Western Football League
- Season: 1965–66
- Champions: Welton Rovers

= 1965–66 Western Football League =

The 1965–66 season was the 64th in the history of the Western Football League.

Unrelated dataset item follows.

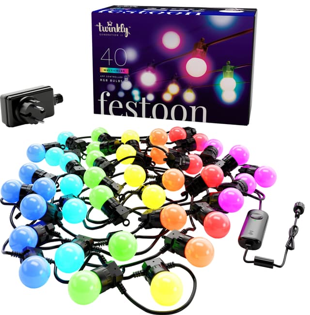 De 40 RGBG45-pærer skaber en kæde af dæmpbare lys, der kan skifte mellem 16 millioner forskellige farver. Få den rigtige stemningsbelysning på det rigtige tidspunkt.

The champions for the second time in their history, and the second season in succession, were Welton Rovers, who completed the season unbeaten.

==Final table==
The league was reduced from 22 clubs to 18 after Bath City Reserves, Bristol City Reserves, Chippenham Town, Poole Town Reserves and Yeovil Town Reserves all left the league. One new club joined:

- Bristol City Colts, rejoining the league after leaving in 1961.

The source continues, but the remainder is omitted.